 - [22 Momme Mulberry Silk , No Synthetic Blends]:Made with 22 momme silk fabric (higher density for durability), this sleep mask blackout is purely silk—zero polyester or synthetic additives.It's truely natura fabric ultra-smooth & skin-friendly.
* * *
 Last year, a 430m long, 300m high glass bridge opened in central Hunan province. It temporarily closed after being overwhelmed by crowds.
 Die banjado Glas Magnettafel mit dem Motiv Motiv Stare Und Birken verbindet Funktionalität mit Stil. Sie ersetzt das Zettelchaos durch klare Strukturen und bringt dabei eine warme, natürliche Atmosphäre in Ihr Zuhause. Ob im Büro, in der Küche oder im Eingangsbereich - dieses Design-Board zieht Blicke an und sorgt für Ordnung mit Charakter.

* [INSTRUCTIONS FOR THE TASK]
Once you find the line with "Last year, a" in the entries above, output it and each line after it up to and including the line with "Die banjado Glas", and nothing else.

* [TASK OUTPUT]
 Last year, a 430m long, 300m high glass bridge opened in central Hunan province. It temporarily closed after being overwhelmed by crowds.
 Die banjado Glas Magnettafel mit dem Motiv Motiv Stare Und Birken verbindet Funktionalität mit Stil. Sie ersetzt das Zettelchaos durch klare Strukturen und bringt dabei eine warme, natürliche Atmosphäre in Ihr Zuhause. Ob im Büro, in der Küche oder im Eingangsbereich - dieses Design-Board zieht Blicke an und sorgt für Ordnung mit Charakter.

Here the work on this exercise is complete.